Prompt Vision Transformer for Domain Generalization
This addresses domain generalization for vision transformers, enabling better performance on unseen domains, but it is incremental as it builds on existing prompt learning methods.
The paper tackles the problem of vision transformers (ViTs) failing to generalize well to unseen domains in domain generalization, proposing DoPrompt, a prompt learning approach that embeds source domain knowledge in domain prompts for target domain prediction, achieving a 1.4% improvement in averaged accuracy, which is 3.5 times the improvement of the state-of-the-art algorithm with a ViT backbone.

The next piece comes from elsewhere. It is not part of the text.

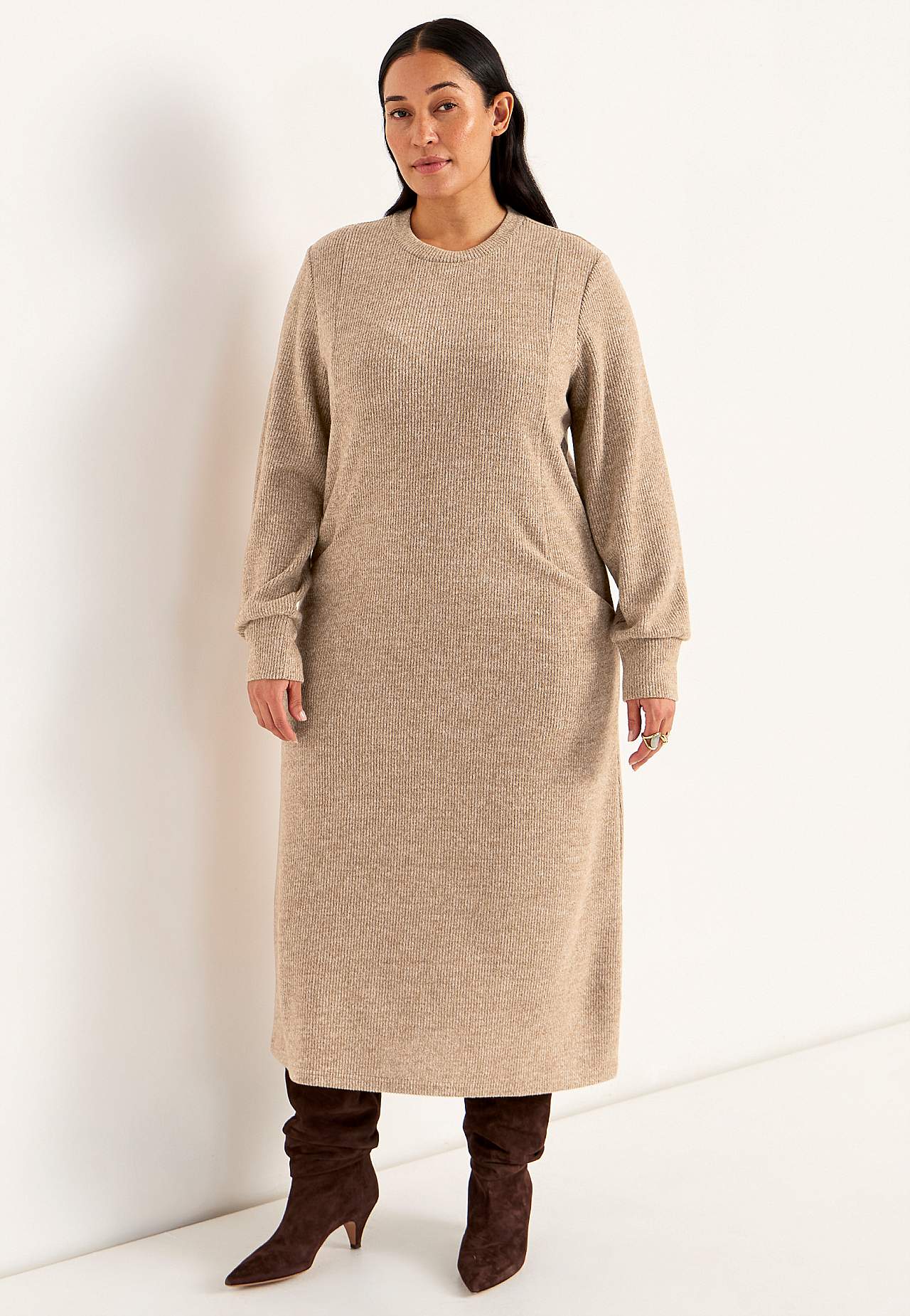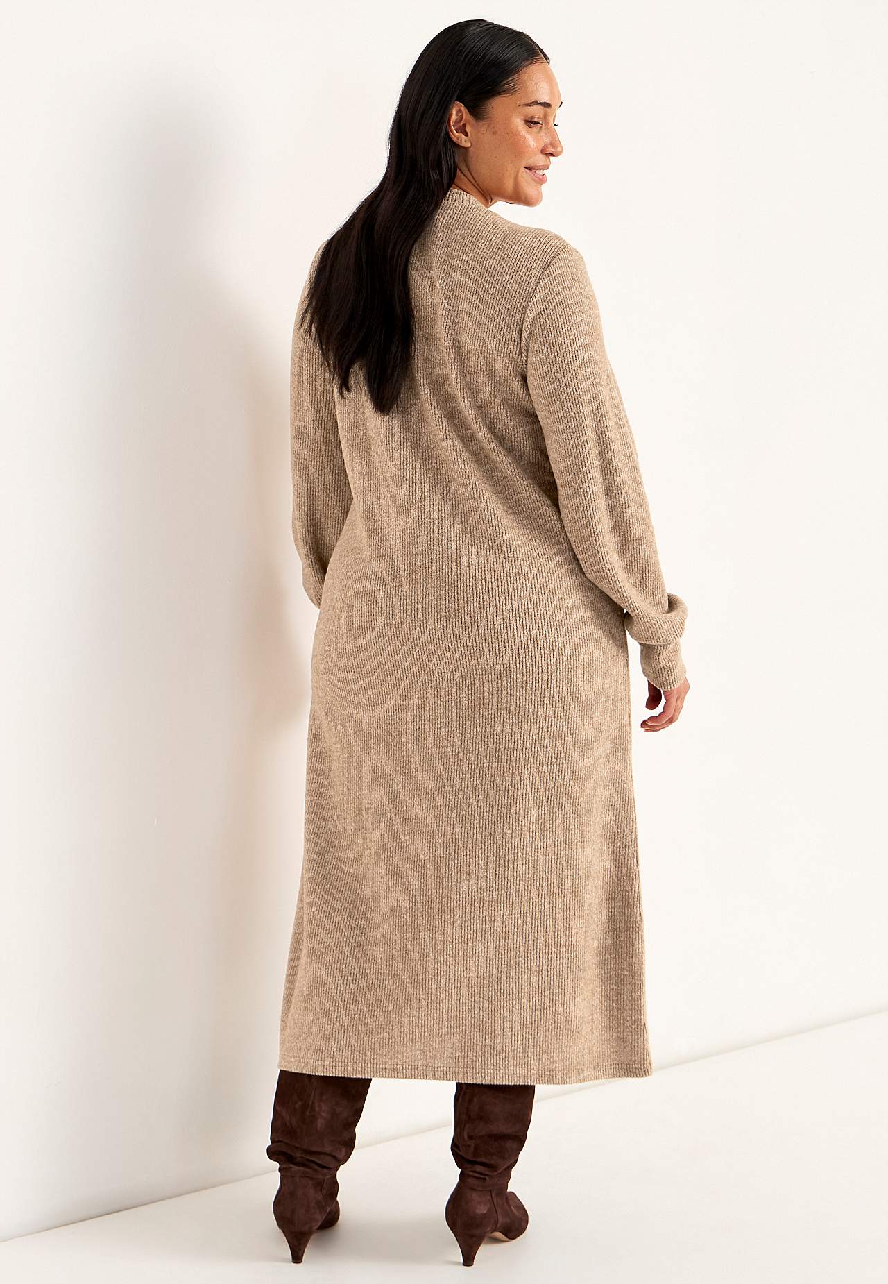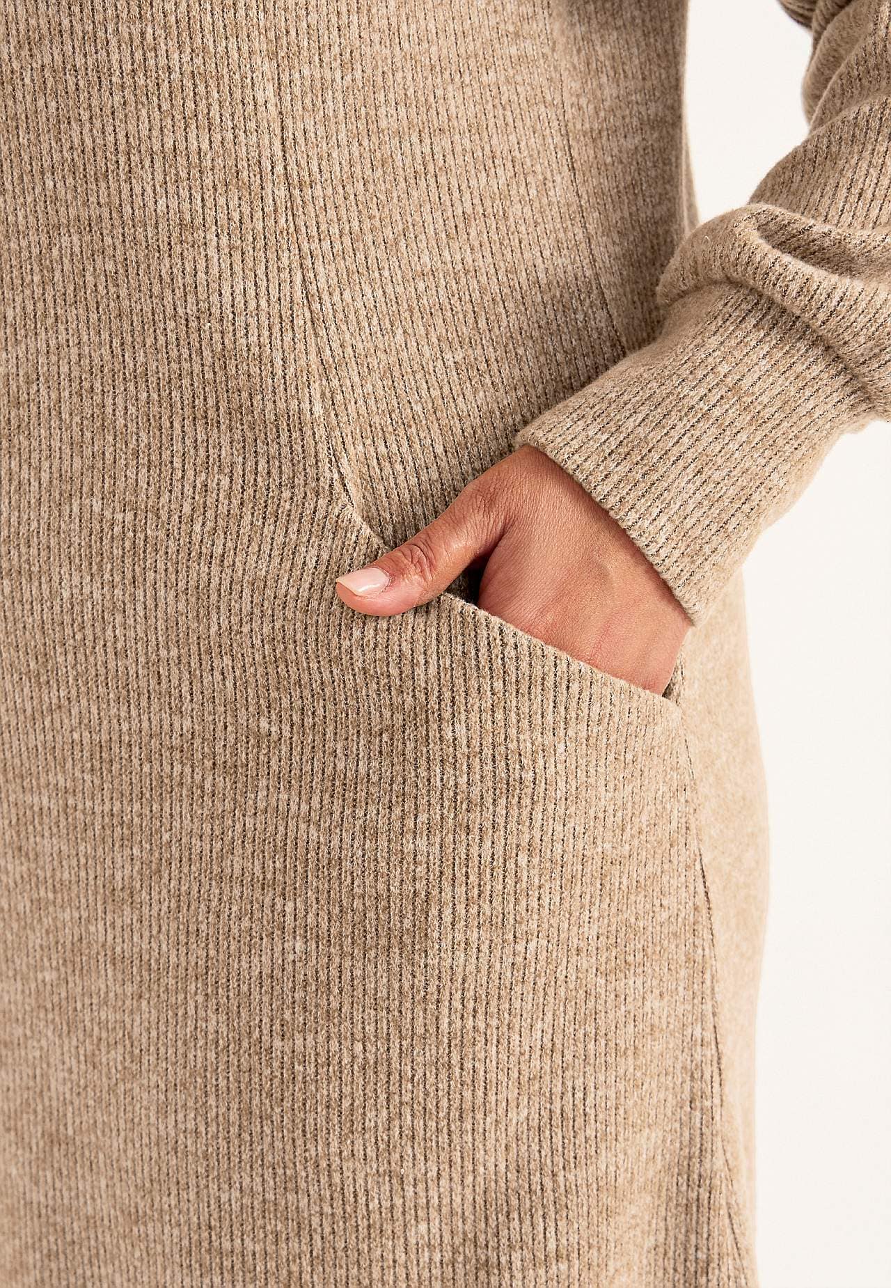 Elastisches, gestricktes Kleid. Geripptes Material mit gebürsteter Oberfläche. Gerade Passform. Rundausschnitt. Dekorative Säume vorne. Schräge, versteckte Taschen vorne. Lange Ärmel mit breiter Manschette an den Manschetten. Gerader Saum. Länge ab Schulter ca. 124 cm in allen Größen.

Though vision transformers (ViTs) have exhibited impressive ability for representation learning, we empirically find that they cannot generalize well to unseen domains with previous domain generalization algorithms. In this paper, we propose a novel approach DoPrompt based on prompt learning to embed the knowledge of source domains in domain prompts for target domain prediction. Specifically, domain prompts are prepended before ViT input tokens from the corresponding source domain. Each domain prompt learns domain-specific knowledge efficiently since it is optimized only for one domain. Meanwhile, we train a prompt adapter to produce a suitable prompt for each input image based on the learned source domain prompts. At test time, the adapted prompt generated by the prompt adapter can exploit the similarity between the feature of the out-of-domain image and source domains to properly integrate the source domain knowledge. Extensive experiments are conducted on four benchmark datasets. Our approach achieves 1.4% improvements in the averaged accuracy, which is 3.5 times the improvement of the state-of-the-art algorithm with a ViT backbone.